Dans ce beau et calme musée, rien de tel. Tout est fait pour la compréhension et la mise en commun. Telle était cette riche exposition (près de 250 objets ; j’y ai passé presque trois heures…), qui nous amène à la rencontre de ces peuplades situées à la limite de l’Asie et de l’Océanie.

papouasie

A partir d’objets rapportés pour la plupart par des expéditions allemandes aux XIXe et XXe siècles, le parcours nous emmène successivement dans les différentes dimensions du quotidien de ces femmes et de ces hommes, pour tenter de nous faire appréhender leur manière de vivre et de concevoir l’univers.

C’est un voyage ethnologique auquel nous sommes conviés, associé à un parcours artistique.

Nous apprendrons ainsi à situer le quotidien de ces personnes, les animaux qui les entourent (chauve-souris, poisson, serpent, poisson-chat, silure, aigle, crocodile, chien, casoar… Tous devenant bestiaire chargé de puissances négative ou positive), leur alimentation (sagou en gelée ou galettes (1), igname, taro, manioc, poisson…) et leur vie quotidienne, rythmée par les travaux de la terre, la chasse et les rites magiques.

Ce que nous percevons ici, avec fascination, c’est l’existence d’une autre société, structurée et différente, bien loin de la première impression qu’ont pu avoir les Occidentaux qui les ont découvert et en ont fait une relation sans aucun recul.

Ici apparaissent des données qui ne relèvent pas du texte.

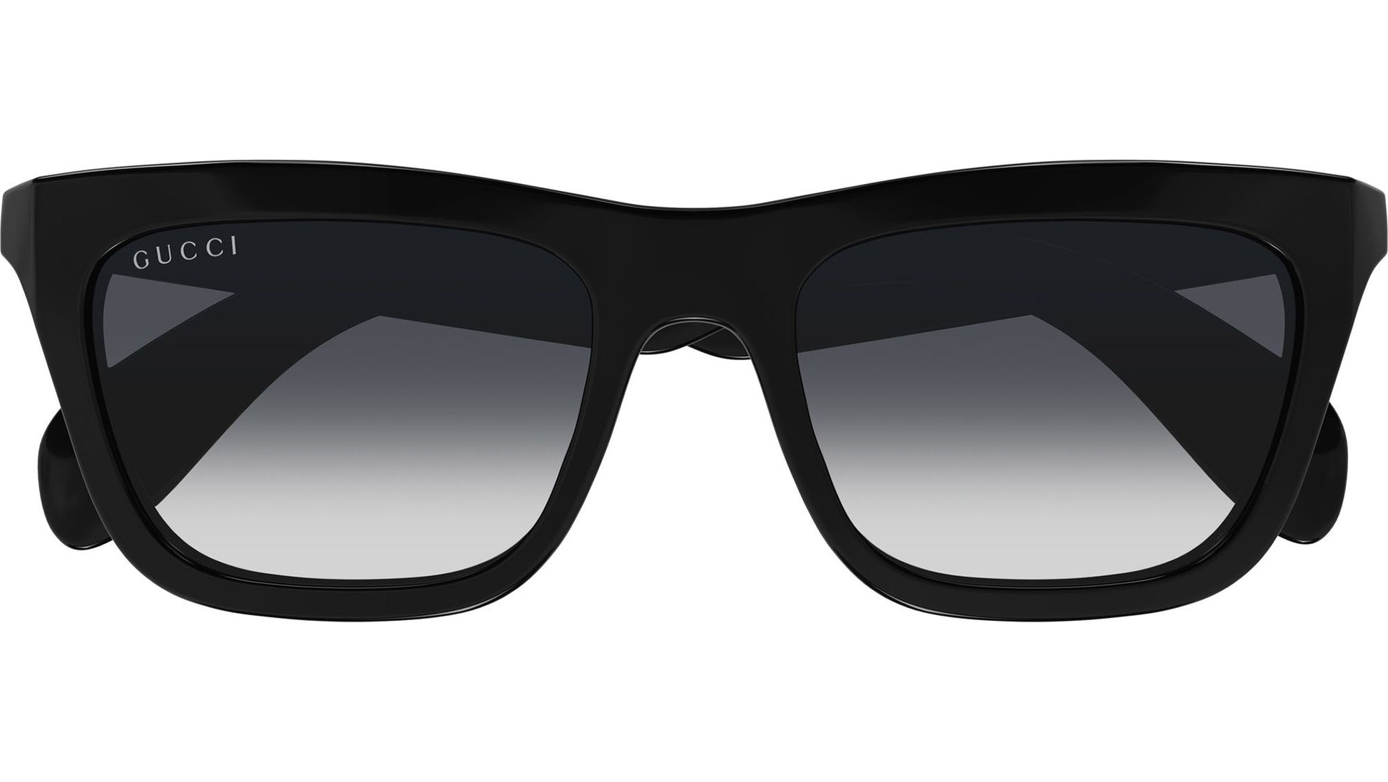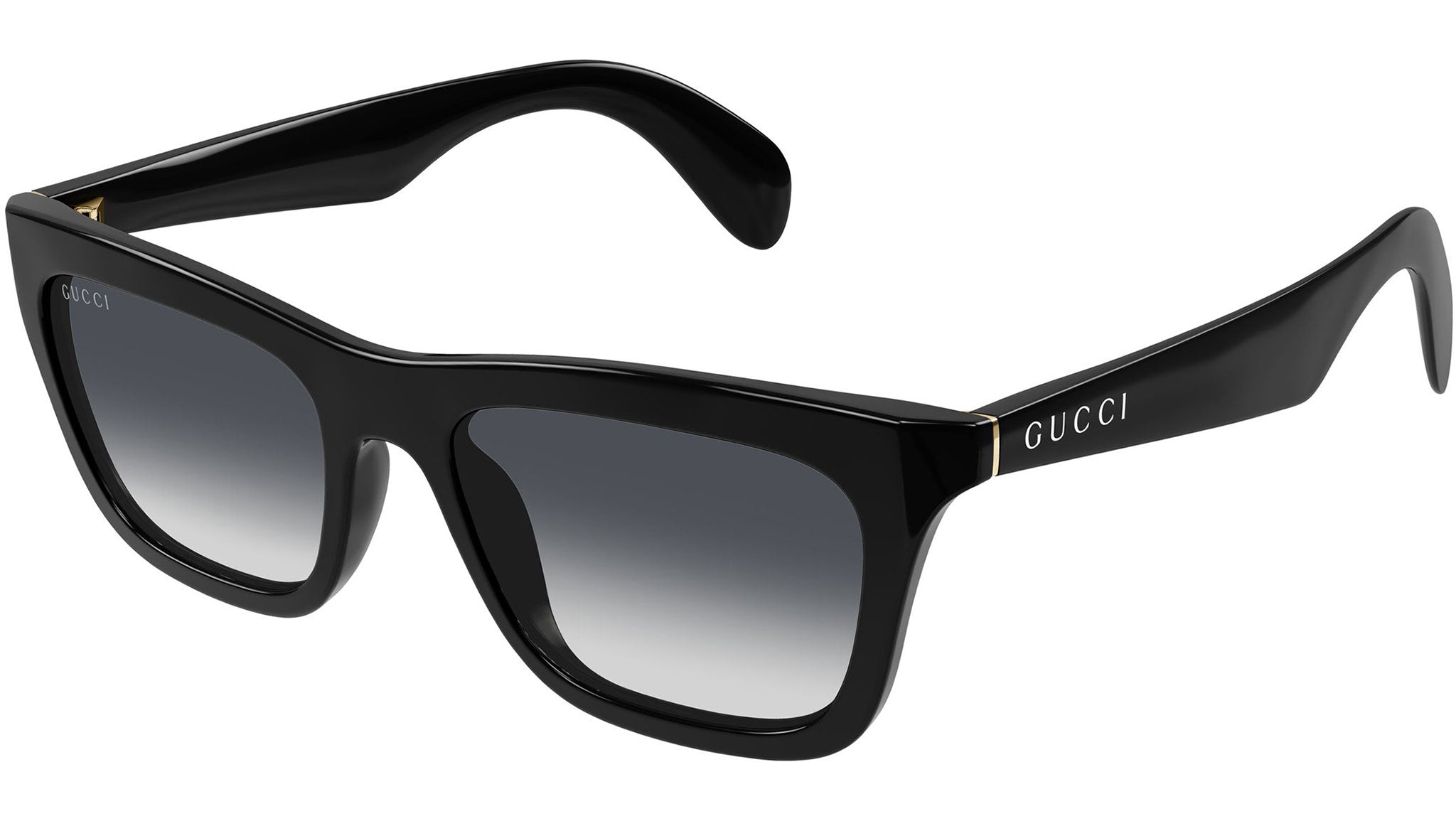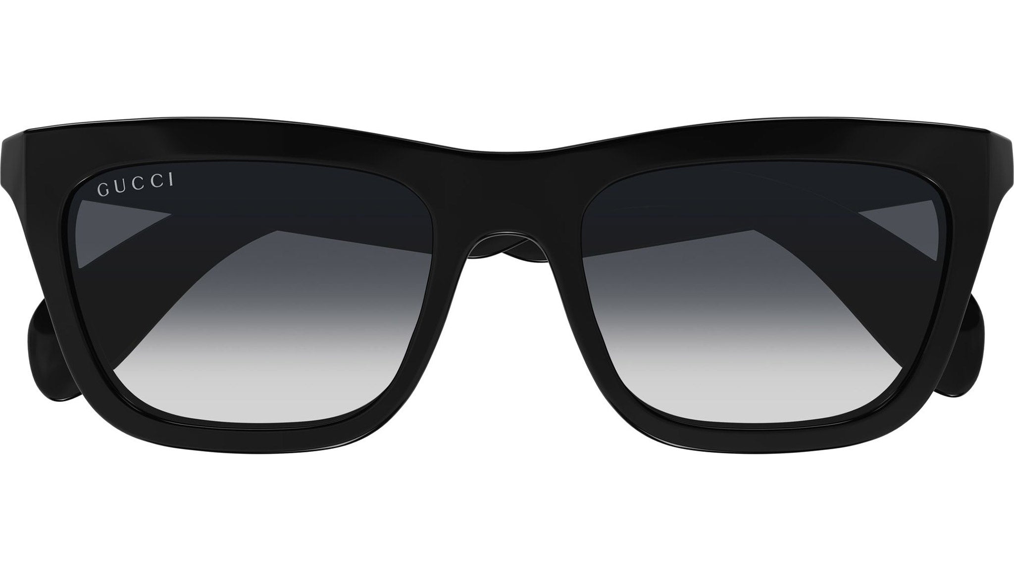 Gucci GG1933S 001 sunglasses for men, featuring shiny black rectangular injection frame and gradient smoke bio nylon lenses. Brand line: Institutional Logo. Style code: GG1933S. Color code: 001. Made in Italy. Authorized Gucci online reseller. Your glasses will include the original case and accessories and are covered by a 12-month global warranty.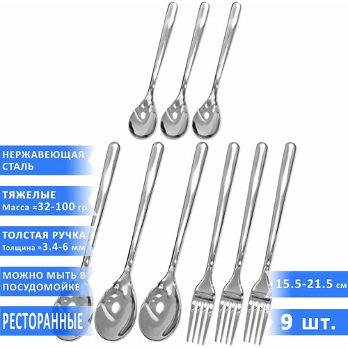В набор входят: чайная ложка длиной 15.5 см, массой ≈ 32 гр, шириной ≈ 29 мм и толщиной ручки ≈ 3.4 мм - 3 шт; столовая ложка длиной 21.5 см, массой ≈ 100 гр, шириной ≈ 41 мм и толщиной ручки ≈ 6 мм - 3 шт; столовая вилка длиной 21.5 см, массой ≈ 70 гр, шириной ≈ 23 мм и толщиной ручки ≈ 6 мм - 3 шт.

Certes, la coutume impose des excursions guerrières contre d’autres villages pour rapporter des têtes coupées d’ennemis, ce qui a valu à ces populations le surnom de « coupeurs de têtes » avec toute la réputation sulfureuse qui va avec… Mais, et c’est justement là toute l’intelligence de cette exposition, replacer cette pratique guerrière dans le contexte lui donne un sens, intelligible même par nous. Il en va de même pour l’utilisation de cheveux et de crânes humains dans les objets magiques ou les scarifications des corps qui pourraient à premier abord provoquer le dégoût, mais prennent une vraie signification ici. Tout cela est propre à nous désaxer de notre champ d’usages occidentaux et c’est très excitant pour l’esprit.

La deuxième dimension à souligner est la beauté des objets en eux-mêmes. Faits de bois pour la plupart, teintés d’ocre, de blanc et de rouge sur le noir de la matière naturelle, ils s’imposent dans leur esthétique émouvante et fière, nous invitant à la contemplation. Je comprend l’engouement des artistes du début du XXe siècle pour ces pièces tribales (plutôt issues d’Afrique, certes) qui viennent s’opposer, dans toute leur ingénuité et simplicité, à cet art construit depuis des siècles en Occident, provoquant comme un choc des cultures d’autant plus bienvenu pour ces hommes qui cherchaient à inventer autre chose.

C’est donc à un voyage esthétique et sociologique que vous invite cette exposition, pour mieux comprendre qu’il peut exister des sociétés structurées et stables bien différentes de la nôtre, et que la beauté peut se nicher partout.

Vous aurez compris que je recommande…

FB

 index index2index4index5

(1) Le sagou est une fécule extraite du sagoutier, sorte de palmier.